Instead of apologising and compensating for its misadventures on Pakistani soil, USA’s arrogance and lack of impropriety has been shown by its administration yet again, especially by releasing ‘peanut’ aid conditional to Pakistan’s action against the Haqqani network, supposedly operating against the foreign forces in Afghanistan from across the border. It needs to be ignored with contempt, as this incongruous demand has surfaced again, after its memogate ploy backfired and days of intense activity in the US hierarchy failed to make any dent in the Pakistani resolve at the official and people’s level over the American excesses.

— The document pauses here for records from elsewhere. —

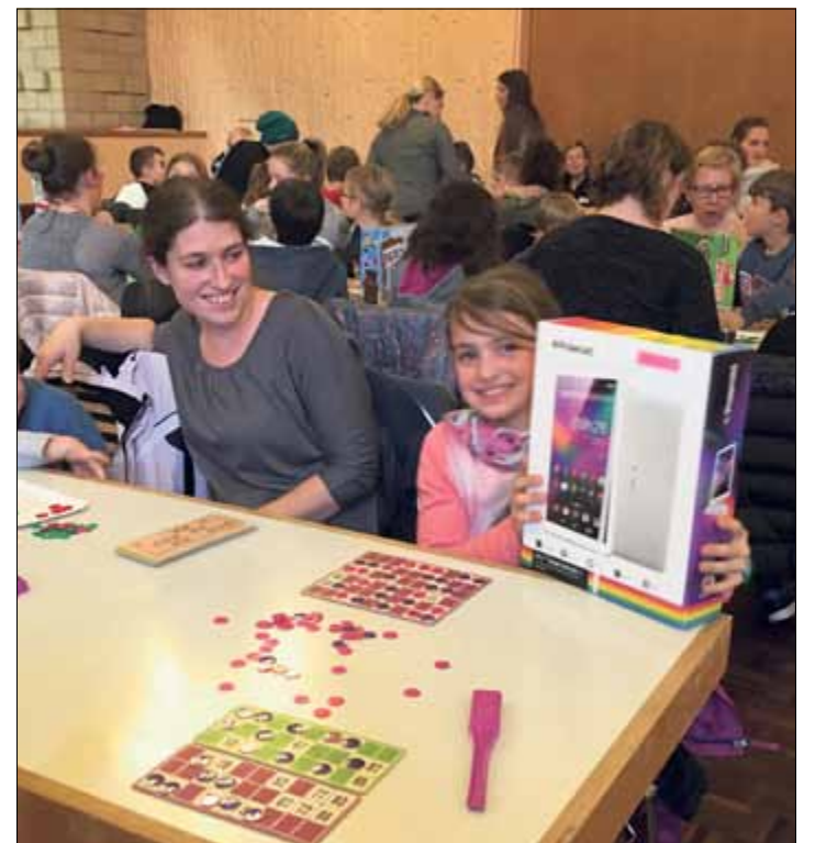
Petits et grands ont apprécié le match au loto de la ludothèque

La ludothèque de Saint-Imier organisait mercredi 28 novembre son match au loto à la salle Saint-Georges. Ce fut un grand succès avec la participation de 101 enfants en âge de scolarité. Les moins de 8 ans étaient accompagnés de leurs parents ou grands-parents. La salle affichait complet avec 168 personnes au total. Chaque enfant a eu droit à 2 cartes et 11 tournées ont été proposées dont 3 royales et une pour les malchanceux. Les lots distribués étaient constitués de jeux de sociétés et même de trois tablettes. A la fin de l'après-midi, une collation a été offerte. Afin de pouvoir continuer à mettre sur pied de telles manifestations et de proposer toujours plus de jeux, la ludothèque est à la recherche de nouveaux membres. Les personnes intéressées peuvent contacter une des membres du comité. La ludothèque est ouverte de 15h à 18h le mercredi et le vendredi sauf pendant les vacances scolaires.
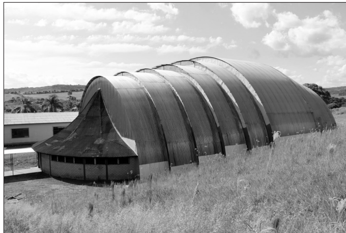
Figura 5 – Ginásio de Esportes da EIEB Cacique Vanhkre, em Forma de Tatu

que contém as salas de aula, a área administrativa, a biblioteca, os refeitórios e os sanitários, com desenho circular, remete às formas de organização de aldeias do tronco linguístico Jê, em que a casa dos homens fica localizada no centro (Novaes, 1983). Segundo o memorial descritivo do projeto, essa edificação expressa aspectos míticos e filosóficos da cultura Kaingang. A construção inicial proporcionava o uso do fogo de chão junto às salas de aula, e o pátio interno era em chão batido, assim como a sala de artesanato. Zanin e Dill (2016) constataram que, posteriormente, algumas dessas características foram alteradas em reformas de manutenção, e o desgaste dos materiais impediu o uso de alguns espaços, como o Centro Cultural.
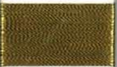
4017 fine gold
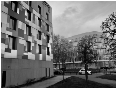
Montévrain , en bordure du Val d'Europe Yves Bouquet
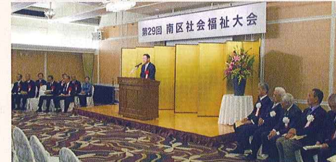
南区社会福祉大会
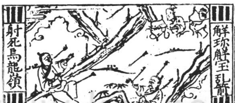
[그림 4] 오룡령에서 화살을 맞은 해진과 해보 형제
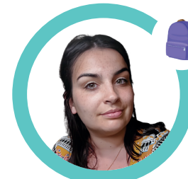
Julie Dora l'Exploratrice

When Yousuf Raza Gilani assumed the office of Prime Minister and ordered the judges’ release, I wrote that a real breakthrough had been achieved by restoring the judiciary. This decision - I had hoped - would become the stepping stone for the new setup to ensuring the rule of law in Pakistan. My appeal to the country’s patriotic forces was that they should frustrate any move by their adversaries and not allow the ray of hope appearing on the horizon to disappear or die down. Little did I know then that even this, apparently, democratic order had been brokered by the same outside power, which has held Pakistan in ransom soon after its appearance on the world map, due to the self-seeking agenda of Pakistani leadership. That has remained in disarray because of the early demise of its Founding Father, Quaid-i-Azam Mohammed Ali Jinnah.

What has happened ever since is a continued slide downstream. Despite assurances, the judges could only be restored with street pressure and a word from, you know where. Contrary to the protestations from every corner of the country to let national institutions function within their respective spheres without interference in each other’s’ affairs, there has been continued defiance of the ‘highly restrained’ judiciary’s orders by the executive. That has also failed to build bridges with the armed forces, despite its unambiguous demonstration of sincerity and obedience to the executive authority.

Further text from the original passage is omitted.